• Task prompt
Whenever a line in the data holds the string "miniature", pull that line out.

• Source records
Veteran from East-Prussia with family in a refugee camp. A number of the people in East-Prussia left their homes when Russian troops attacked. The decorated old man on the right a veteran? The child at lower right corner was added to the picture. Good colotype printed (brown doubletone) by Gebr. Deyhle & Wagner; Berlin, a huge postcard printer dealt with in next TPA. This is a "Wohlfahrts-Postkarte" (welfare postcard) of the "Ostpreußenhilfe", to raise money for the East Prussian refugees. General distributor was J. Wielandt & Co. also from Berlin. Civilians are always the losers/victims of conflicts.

...

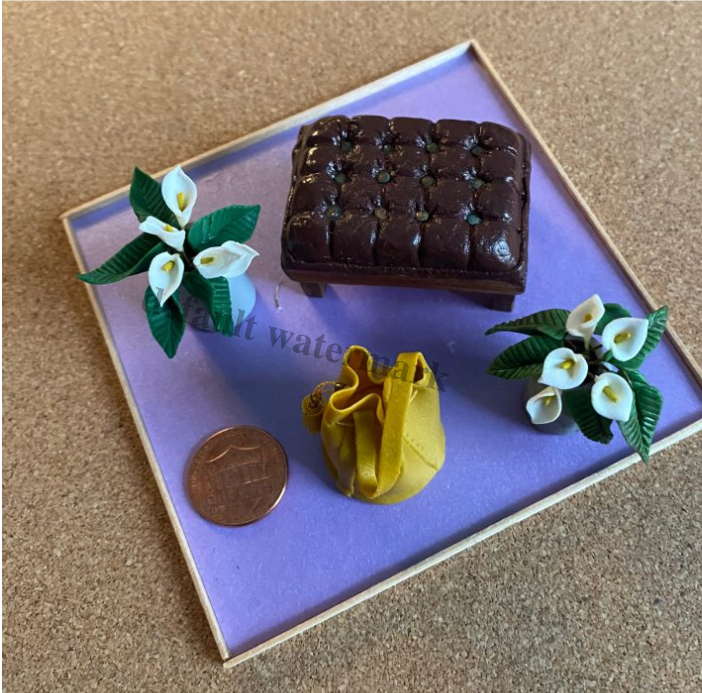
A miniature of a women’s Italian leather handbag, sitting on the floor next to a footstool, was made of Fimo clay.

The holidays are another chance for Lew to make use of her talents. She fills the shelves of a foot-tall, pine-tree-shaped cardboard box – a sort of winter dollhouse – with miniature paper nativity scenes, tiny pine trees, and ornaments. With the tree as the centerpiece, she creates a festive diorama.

• Response to this task
A miniature of a women’s Italian leather handbag, sitting on the floor next to a footstool, was made of Fimo clay.
The holidays are another chance for Lew to make use of her talents. She fills the shelves of a foot-tall, pine-tree-shaped cardboard box – a sort of winter dollhouse – with miniature paper nativity scenes, tiny pine trees, and ornaments. With the tree as the centerpiece, she creates a festive diorama.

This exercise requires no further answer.